'''

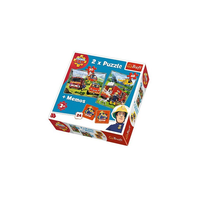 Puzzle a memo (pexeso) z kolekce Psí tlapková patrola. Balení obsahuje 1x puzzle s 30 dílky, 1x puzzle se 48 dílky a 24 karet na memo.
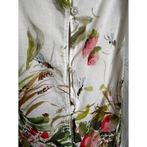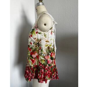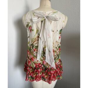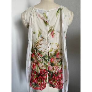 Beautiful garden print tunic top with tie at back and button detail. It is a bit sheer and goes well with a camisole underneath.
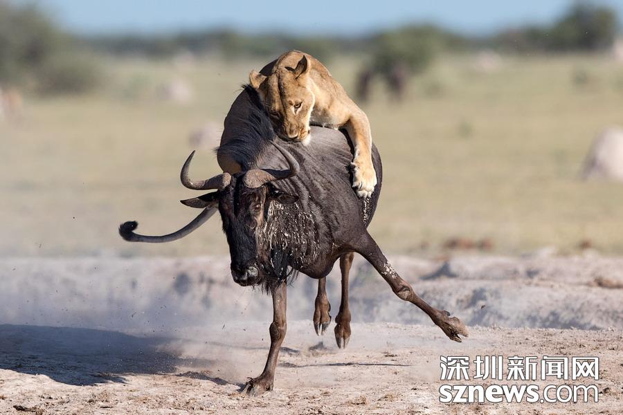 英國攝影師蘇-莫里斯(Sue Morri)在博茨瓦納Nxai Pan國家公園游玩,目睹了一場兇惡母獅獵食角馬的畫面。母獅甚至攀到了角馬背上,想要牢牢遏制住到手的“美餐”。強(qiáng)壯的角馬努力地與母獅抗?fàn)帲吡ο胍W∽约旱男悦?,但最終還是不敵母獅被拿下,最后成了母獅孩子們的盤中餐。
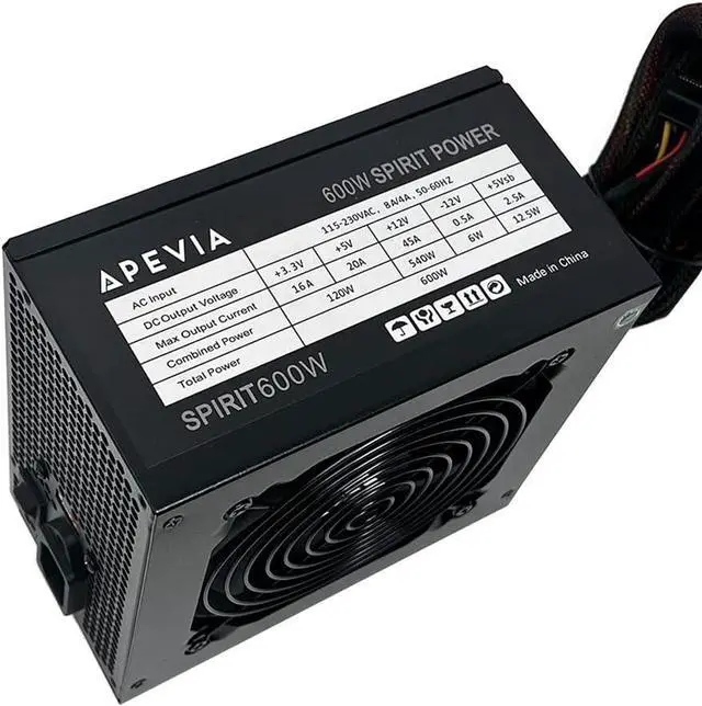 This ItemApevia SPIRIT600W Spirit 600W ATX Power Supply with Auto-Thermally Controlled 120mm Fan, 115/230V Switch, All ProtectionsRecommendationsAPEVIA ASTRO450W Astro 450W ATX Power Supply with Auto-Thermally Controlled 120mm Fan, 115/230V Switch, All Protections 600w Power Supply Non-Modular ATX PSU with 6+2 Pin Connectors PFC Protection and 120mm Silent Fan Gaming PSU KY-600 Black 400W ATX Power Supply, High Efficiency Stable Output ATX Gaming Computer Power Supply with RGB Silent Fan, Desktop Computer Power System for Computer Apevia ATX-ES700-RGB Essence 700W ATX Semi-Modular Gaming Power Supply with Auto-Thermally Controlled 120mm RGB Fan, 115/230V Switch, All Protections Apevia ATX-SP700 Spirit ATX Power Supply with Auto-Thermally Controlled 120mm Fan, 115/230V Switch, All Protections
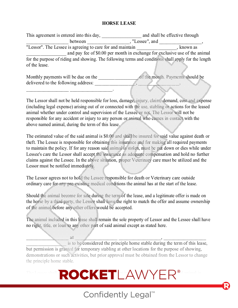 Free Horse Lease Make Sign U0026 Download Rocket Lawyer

'''
'''

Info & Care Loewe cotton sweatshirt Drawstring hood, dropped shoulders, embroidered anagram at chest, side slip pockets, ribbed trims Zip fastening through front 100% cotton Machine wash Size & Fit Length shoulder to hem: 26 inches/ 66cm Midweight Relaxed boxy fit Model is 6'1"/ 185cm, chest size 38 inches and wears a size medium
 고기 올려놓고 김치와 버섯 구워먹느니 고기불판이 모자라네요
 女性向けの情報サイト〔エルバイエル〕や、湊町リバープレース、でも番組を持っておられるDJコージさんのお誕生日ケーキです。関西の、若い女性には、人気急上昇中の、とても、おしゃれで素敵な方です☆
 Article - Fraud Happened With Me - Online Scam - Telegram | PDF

'''

Please give an exact copy of the lines above, beginning with the line containing "女性向けの情報サイト〔エルバ" and running through the line containing "Article - Fraud", and of no other lines.

 女性向けの情報サイト〔エルバイエル〕や、湊町リバープレース、でも番組を持っておられるDJコージさんのお誕生日ケーキです。関西の、若い女性には、人気急上昇中の、とても、おしゃれで素敵な方です☆
 Article - Fraud Happened With Me - Online Scam - Telegram | PDF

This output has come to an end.